**REQUIRED ACTION:** Print each record that follows exactly, leaving the pictures behind.

╭─ DATA EXCERPTS

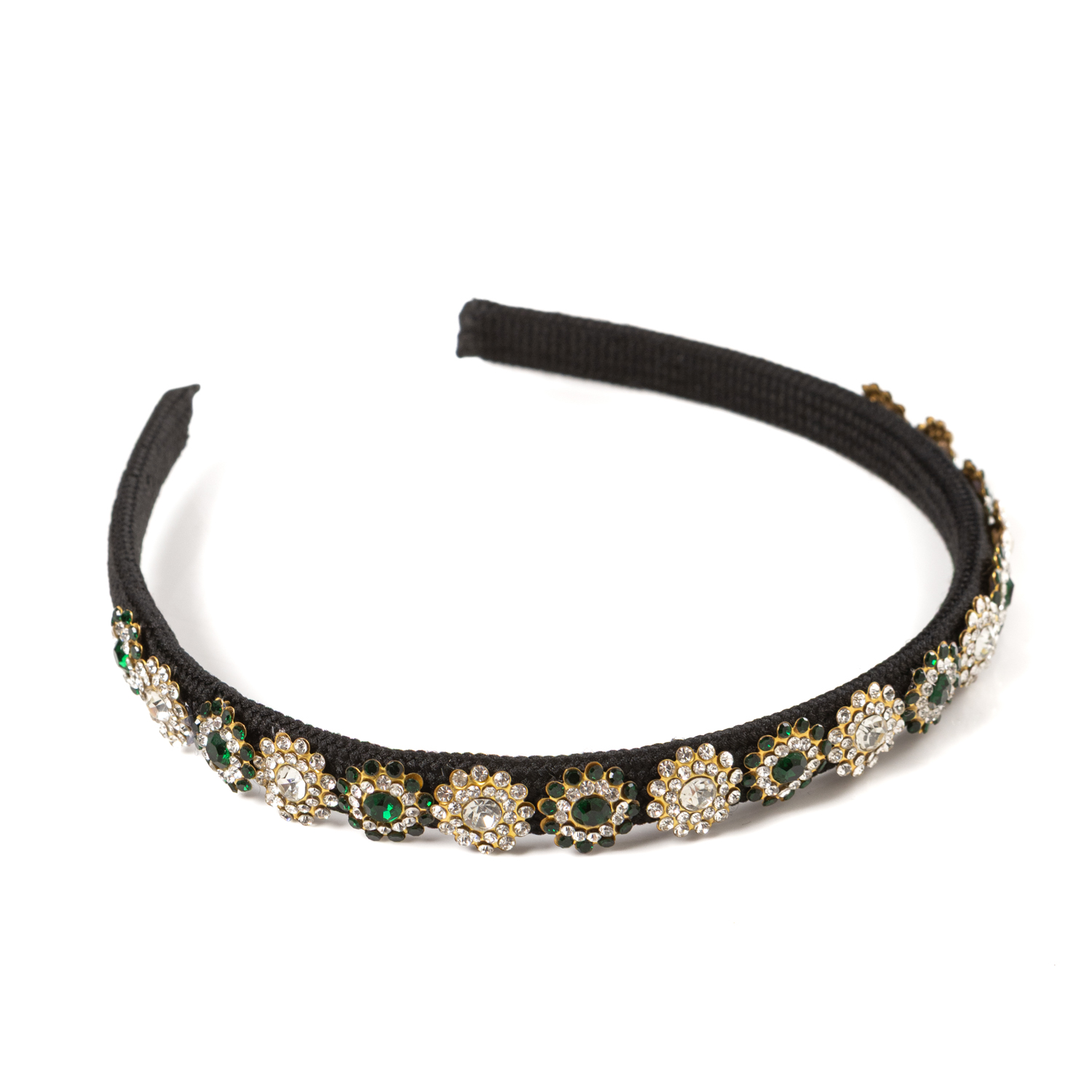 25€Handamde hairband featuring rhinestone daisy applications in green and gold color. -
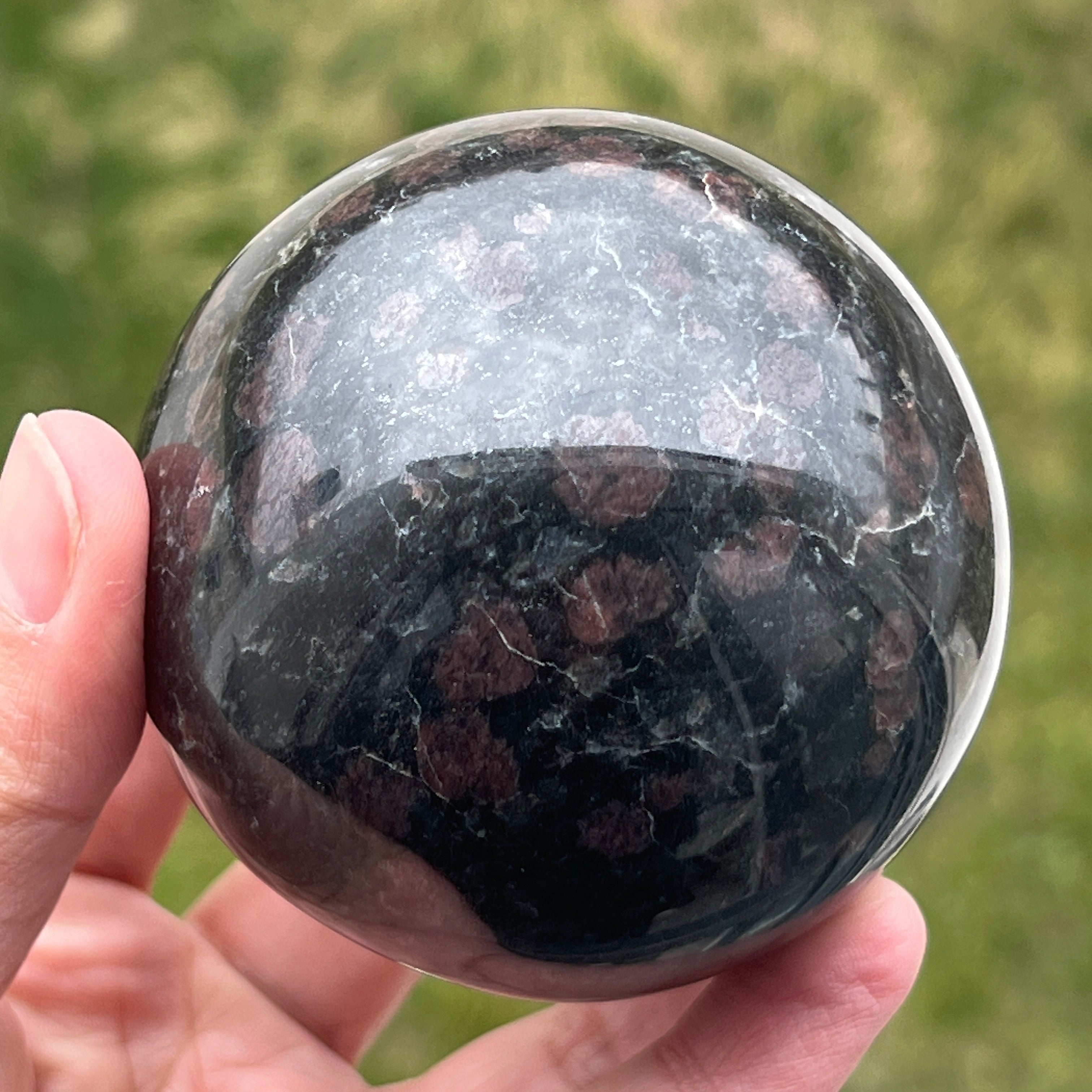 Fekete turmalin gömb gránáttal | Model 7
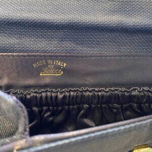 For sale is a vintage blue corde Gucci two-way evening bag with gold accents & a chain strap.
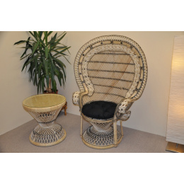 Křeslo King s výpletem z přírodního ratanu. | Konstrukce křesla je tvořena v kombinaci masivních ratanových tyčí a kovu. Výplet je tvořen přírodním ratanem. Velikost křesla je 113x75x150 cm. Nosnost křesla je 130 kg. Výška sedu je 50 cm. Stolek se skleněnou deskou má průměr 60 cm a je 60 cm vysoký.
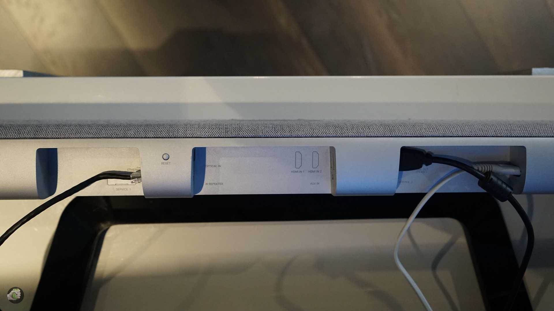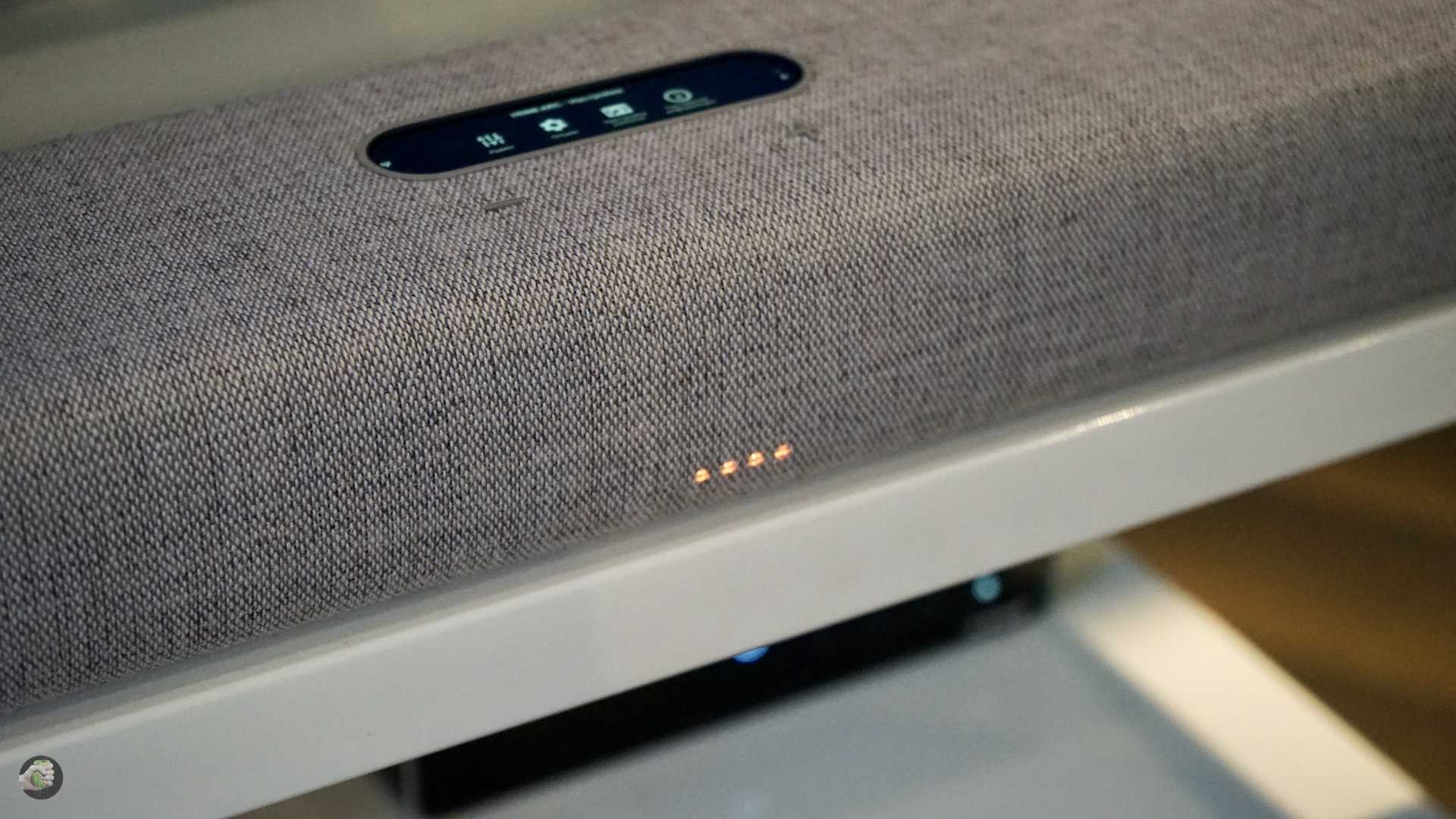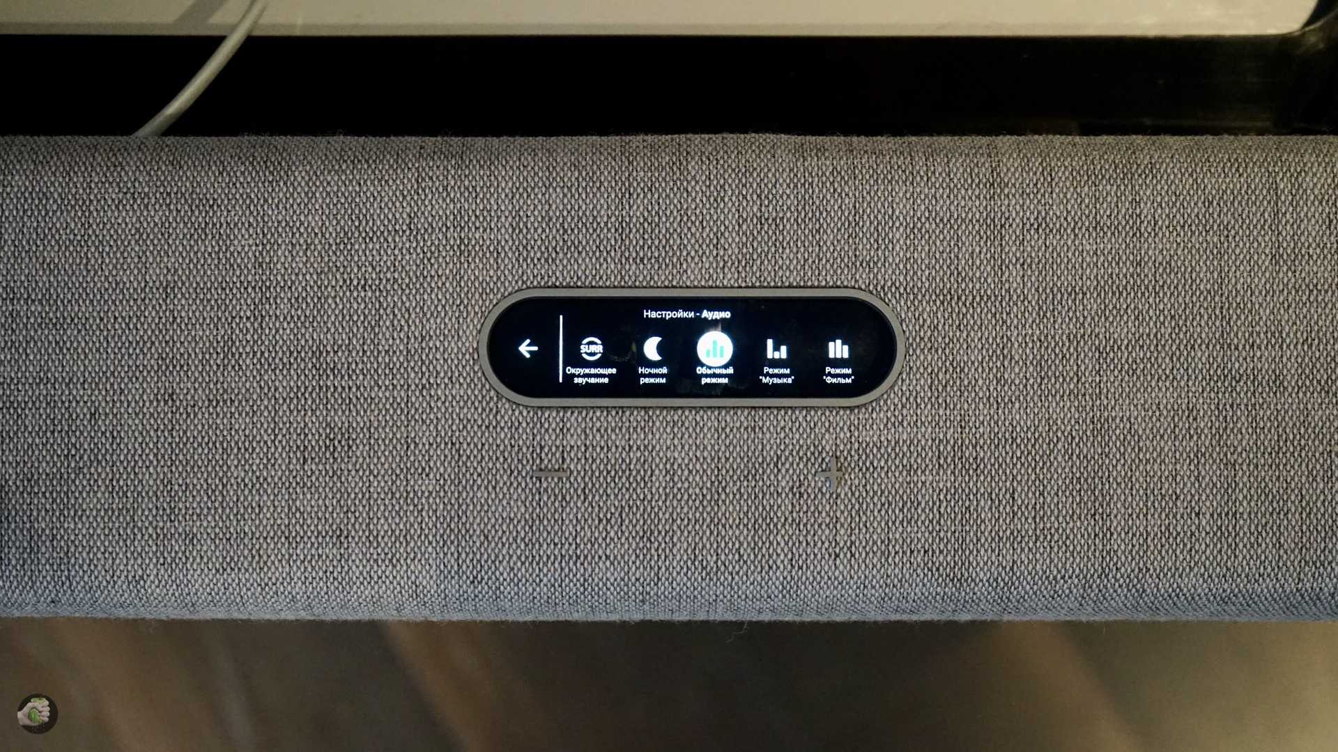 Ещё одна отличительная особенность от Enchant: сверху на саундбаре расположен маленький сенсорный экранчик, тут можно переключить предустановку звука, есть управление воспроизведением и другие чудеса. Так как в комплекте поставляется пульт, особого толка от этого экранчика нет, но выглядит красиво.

╰─

**WRITTEN REPLY:**
 25€Handamde hairband featuring rhinestone daisy applications in green and gold color. -
 Fekete turmalin gömb gránáttal | Model 7
 For sale is a vintage blue corde Gucci two-way evening bag with gold accents & a chain strap.
 Křeslo King s výpletem z přírodního ratanu. | Konstrukce křesla je tvořena v kombinaci masivních ratanových tyčí a kovu. Výplet je tvořen přírodním ratanem. Velikost křesla je 113x75x150 cm. Nosnost křesla je 130 kg. Výška sedu je 50 cm. Stolek se skleněnou deskou má průměr 60 cm a je 60 cm vysoký.
 Ещё одна отличительная особенность от Enchant: сверху на саундбаре расположен маленький сенсорный экранчик, тут можно переключить предустановку звука, есть управление воспроизведением и другие чудеса. Так как в комплекте поставляется пульт, особого толка от этого экранчика нет, но выглядит красиво.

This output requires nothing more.